From the material below, copy exactly the lines beginning with the one that contains "它配备了制作切线空间法线贴图" and ending with the one that contains "- Vintage 80s"; the pictures stay out.

(Beginning of The input)

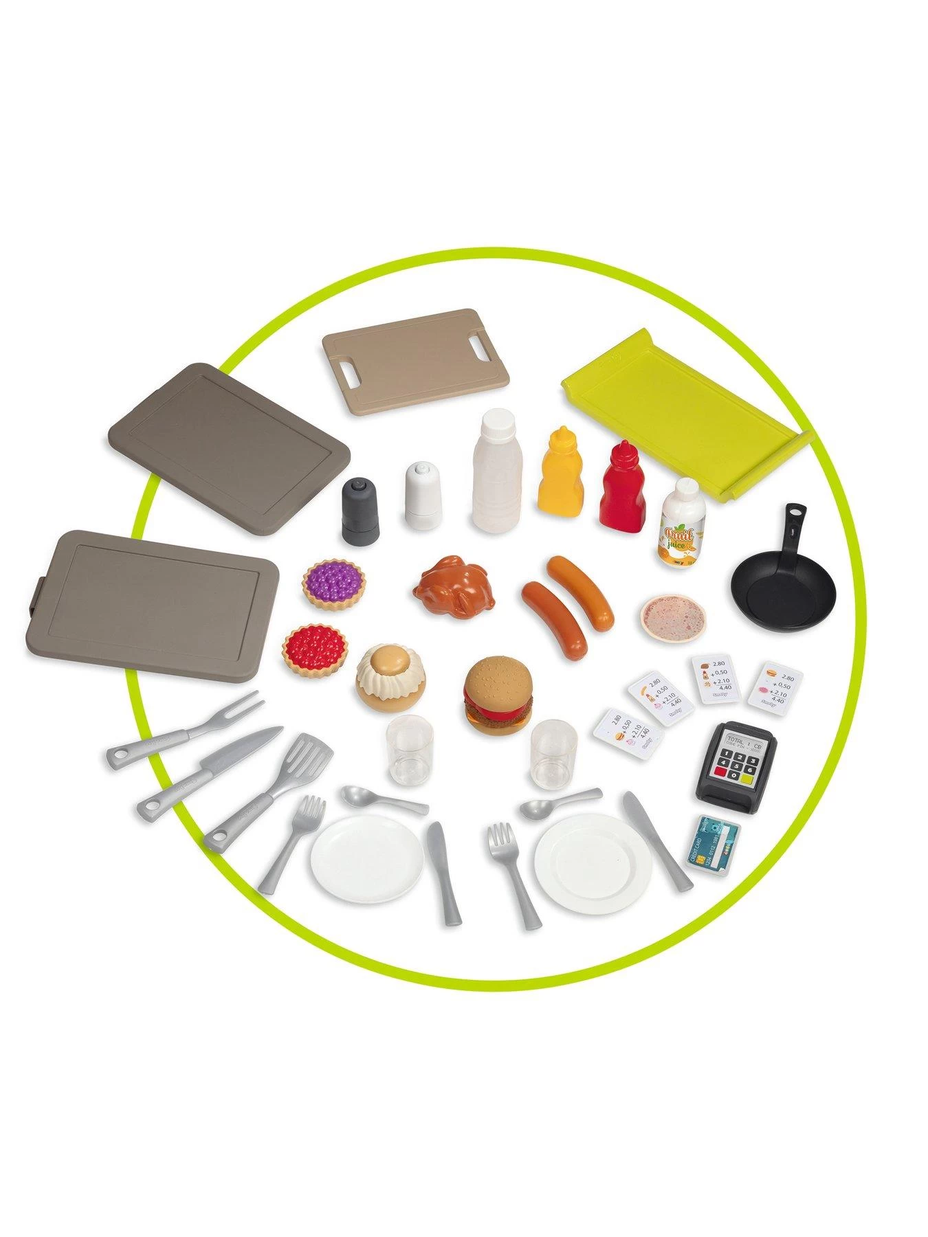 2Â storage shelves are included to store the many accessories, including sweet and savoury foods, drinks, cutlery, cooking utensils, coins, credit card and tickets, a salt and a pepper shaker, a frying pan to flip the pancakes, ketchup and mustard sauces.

(End of The input)
(Beginning of The input)

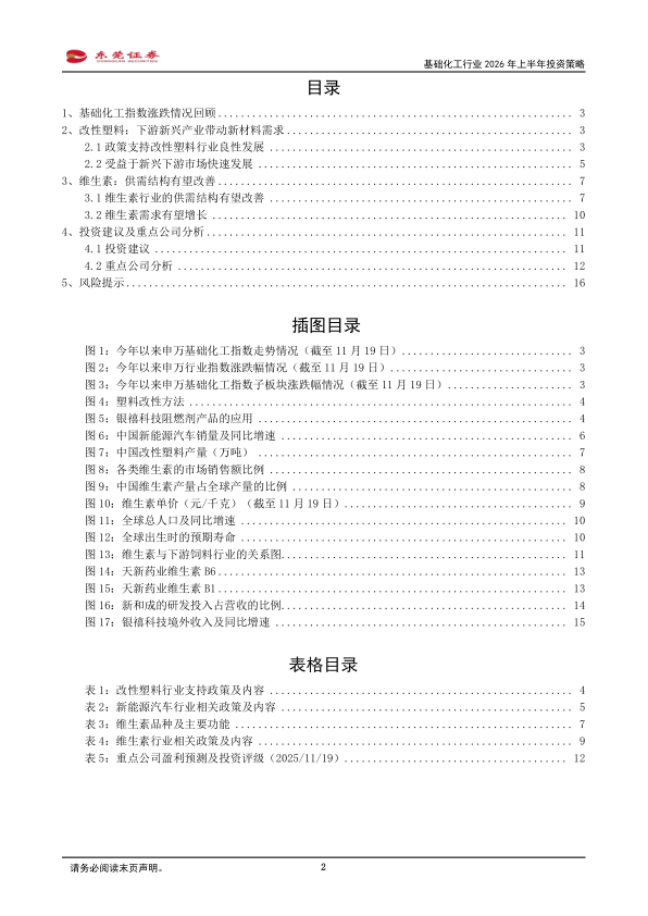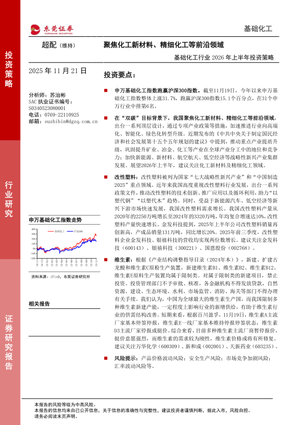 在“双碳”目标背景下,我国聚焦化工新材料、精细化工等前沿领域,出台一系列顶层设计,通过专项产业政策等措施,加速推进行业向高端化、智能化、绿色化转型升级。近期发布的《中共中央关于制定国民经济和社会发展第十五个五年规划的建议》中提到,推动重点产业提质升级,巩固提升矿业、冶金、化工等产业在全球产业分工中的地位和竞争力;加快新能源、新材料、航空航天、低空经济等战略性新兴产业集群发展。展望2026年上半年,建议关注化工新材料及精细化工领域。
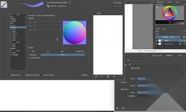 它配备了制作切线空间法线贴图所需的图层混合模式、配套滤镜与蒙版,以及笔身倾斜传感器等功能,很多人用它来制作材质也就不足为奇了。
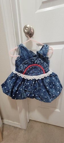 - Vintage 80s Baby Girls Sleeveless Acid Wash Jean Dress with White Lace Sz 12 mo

(End of The input)

## Exercise output
 它配备了制作切线空间法线贴图所需的图层混合模式、配套滤镜与蒙版,以及笔身倾斜传感器等功能,很多人用它来制作材质也就不足为奇了。
 - Vintage 80s Baby Girls Sleeveless Acid Wash Jean Dress with White Lace Sz 12 mo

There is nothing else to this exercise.